February 22, 2009

Daniel Gilbert on TED

Harvard Social psychologist, Daniel Gilbert, recently had a talk posted on TED, though it looks like the talk was originally given in 2005.

It's good though. Gilbert is widely known for his research on happiness. What makes us happy? Can we predict future happiness? How do traumatic events effect our long-term happiness? And such.

Though related to his happiness research, this talk centered on general decision making (and specifically, erroneous economic decisions that we make). Basically, the gist of the talk is that people are notoriously bad in money matters because of two cognitive biases. The first causes us to make erroneous judgments in estimating the odds of a potential gain. The second causes us to make erroneous estimates in the positive value of the potential gain.

His reasoning for why we have these cognitive biases goes back to us being evolved creatures. Firstly, we evolved in environments that rarely changed. We lived in small groups, had short lives and had to make relatively few choices. Instead our ancestors focused on the here and now. In his words: "the highest priority was to eat and mate today."

Well, anyways, check out the video. It's good, and there's a Q&A section at the end.

Check it out:


David Ryan Schurtz said...

If we are so bad at predicting the future how do people reach retirement?
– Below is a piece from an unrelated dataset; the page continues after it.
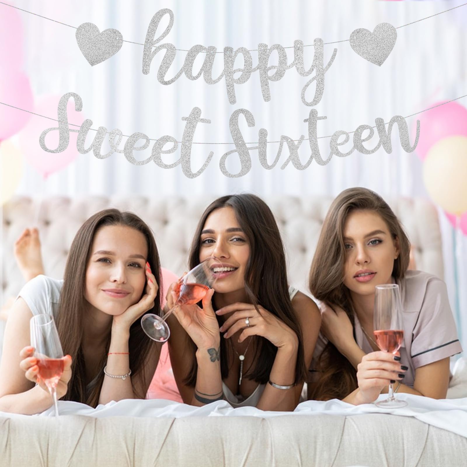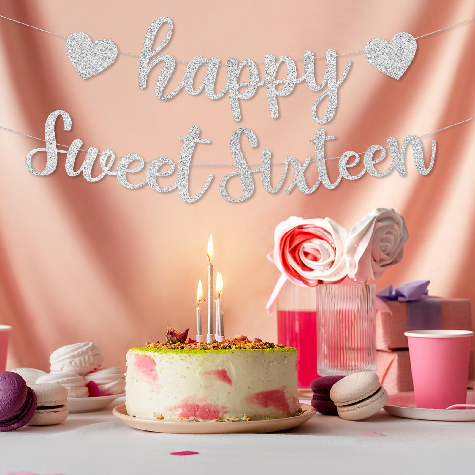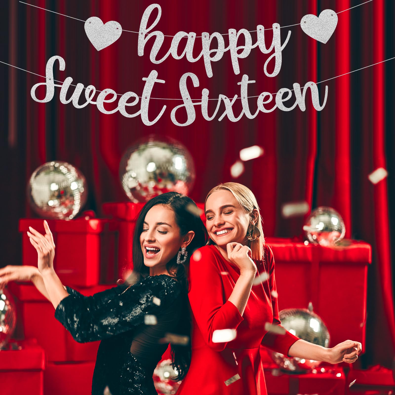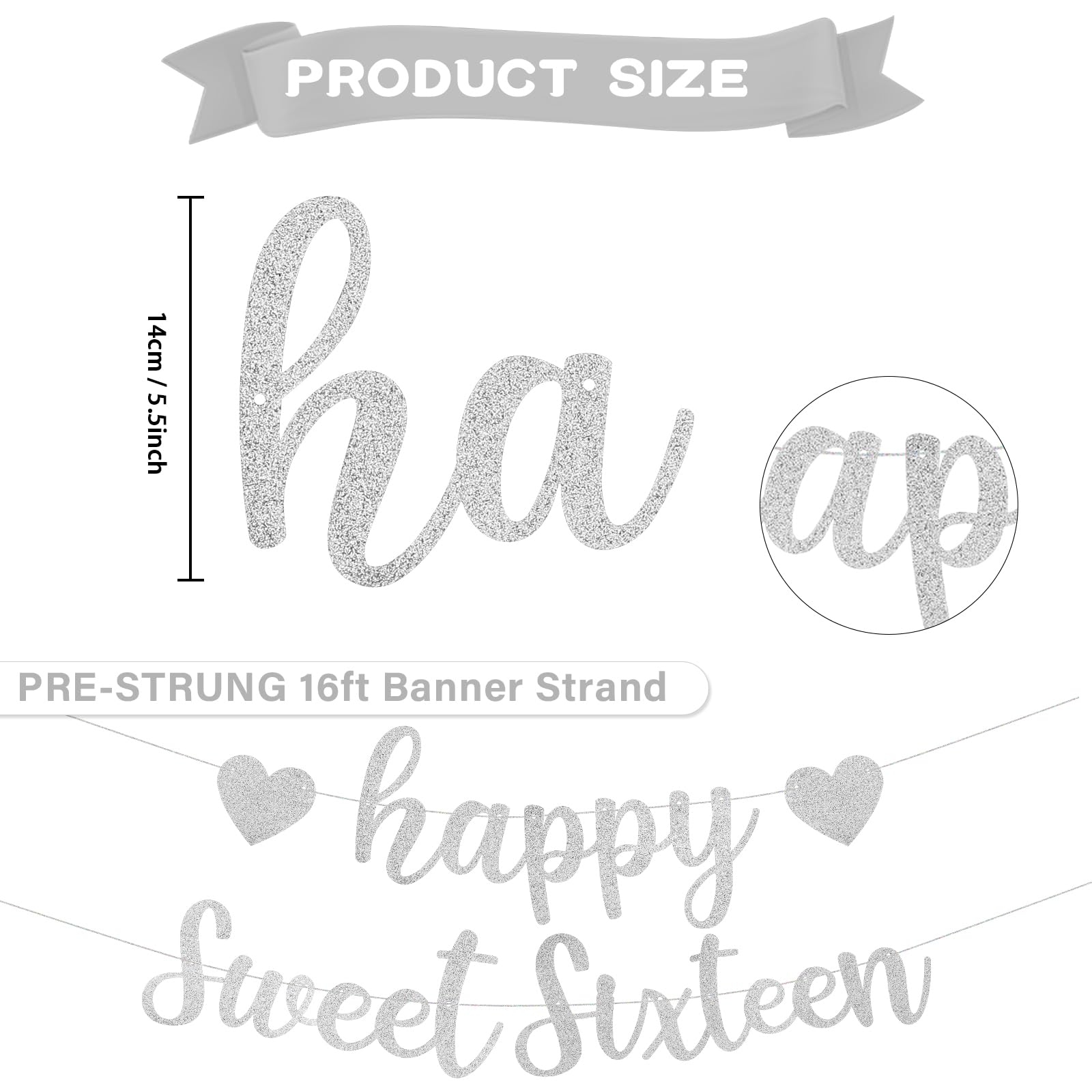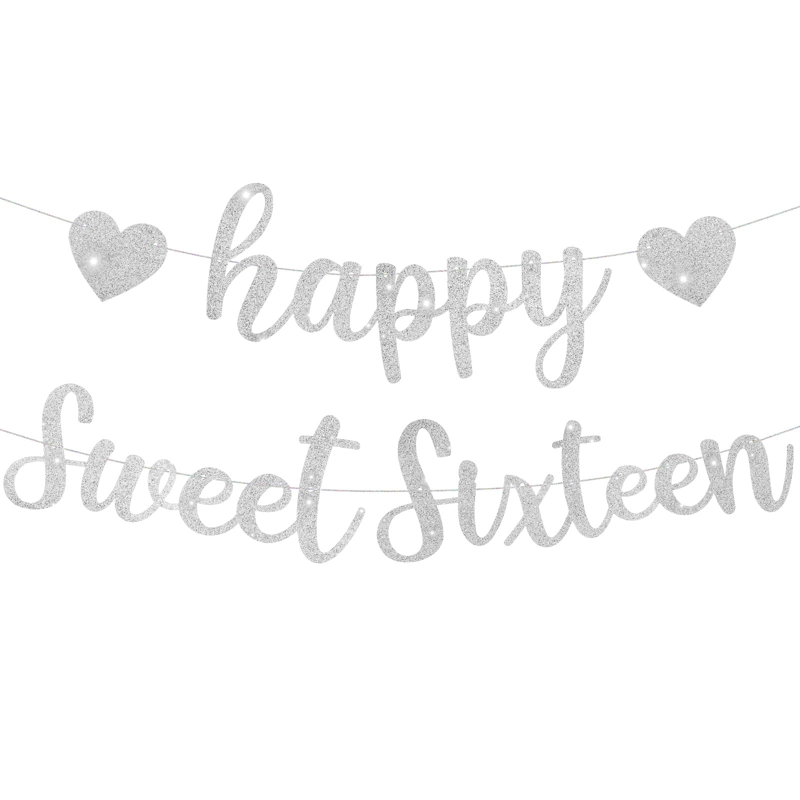 Materials: Happy Sweet 16th birthday sign made of cardboard, decorated with clear letter, reusable for your next party. no shedding glitter sets us apart from other birthday decorations for girl and will set your birthday celebration apart. This sweet 16 banner for girls work for any event space,They are very durable and can be reused. ou can easily add them to mantels, banisters, windows, dessert tables even use as a photo backdrop.

How do people collect massive amounts of goods across a life span?

These exciting questions and more will be answered by.... well someone who isn't me.

pr1ttyricky said...

hey, thanks for the comment!

i think preparing for retirement is partly due to our inability to predict the future. we prepare for retirement, because we can't predict how things will turn out in the long-term. as well, i think the issue about having a welfare system like social security even highlights how bad a lot of us are at such preparation/prediction.